- Opening Delimiter -

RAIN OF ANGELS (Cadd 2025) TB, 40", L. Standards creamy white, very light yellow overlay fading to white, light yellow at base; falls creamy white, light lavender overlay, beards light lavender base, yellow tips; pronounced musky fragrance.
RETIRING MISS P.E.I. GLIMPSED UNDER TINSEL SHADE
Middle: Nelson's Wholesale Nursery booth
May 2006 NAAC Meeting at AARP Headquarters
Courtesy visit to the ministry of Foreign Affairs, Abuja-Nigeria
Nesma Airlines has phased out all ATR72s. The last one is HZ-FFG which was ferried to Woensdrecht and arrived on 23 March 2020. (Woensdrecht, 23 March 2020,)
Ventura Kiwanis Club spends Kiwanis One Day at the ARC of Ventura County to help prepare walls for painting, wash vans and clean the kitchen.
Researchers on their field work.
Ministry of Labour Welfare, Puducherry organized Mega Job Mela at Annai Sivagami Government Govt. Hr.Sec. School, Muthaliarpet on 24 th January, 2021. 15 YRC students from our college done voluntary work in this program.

- Closing Delimiter -
- Opening Delimiter -

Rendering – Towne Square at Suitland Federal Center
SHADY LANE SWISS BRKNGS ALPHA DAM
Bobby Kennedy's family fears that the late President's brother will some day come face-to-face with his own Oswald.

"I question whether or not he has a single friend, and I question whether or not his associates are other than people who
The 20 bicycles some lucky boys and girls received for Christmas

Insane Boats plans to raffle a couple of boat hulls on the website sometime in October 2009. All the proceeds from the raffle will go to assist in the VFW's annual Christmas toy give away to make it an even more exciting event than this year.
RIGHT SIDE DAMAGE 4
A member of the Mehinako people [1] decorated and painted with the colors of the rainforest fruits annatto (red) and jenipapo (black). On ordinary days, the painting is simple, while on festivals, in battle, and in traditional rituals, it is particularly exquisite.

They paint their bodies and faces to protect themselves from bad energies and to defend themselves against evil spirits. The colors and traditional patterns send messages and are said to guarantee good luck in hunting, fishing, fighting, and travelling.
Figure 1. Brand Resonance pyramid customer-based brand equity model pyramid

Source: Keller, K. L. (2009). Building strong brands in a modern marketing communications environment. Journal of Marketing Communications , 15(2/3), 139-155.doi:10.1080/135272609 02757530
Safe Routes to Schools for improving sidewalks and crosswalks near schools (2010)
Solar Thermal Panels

- Closing Delimiter -

What to do ▸ Using the listing above, gather each line that holds the string "from" and copy it.

Response below ▸
Ministry of Labour Welfare, Puducherry organized Mega Job Mela at Annai Sivagami Government Govt. Hr.Sec. School, Muthaliarpet on 24 th January, 2021. 15 YRC students from our college done voluntary work in this program.
Insane Boats plans to raffle a couple of boat hulls on the website sometime in October 2009. All the proceeds from the raffle will go to assist in the VFW's annual Christmas toy give away to make it an even more exciting event than this year.
They paint their bodies and faces to protect themselves from bad energies and to defend themselves against evil spirits. The colors and traditional patterns send messages and are said to guarantee good luck in hunting, fishing, fighting, and travelling.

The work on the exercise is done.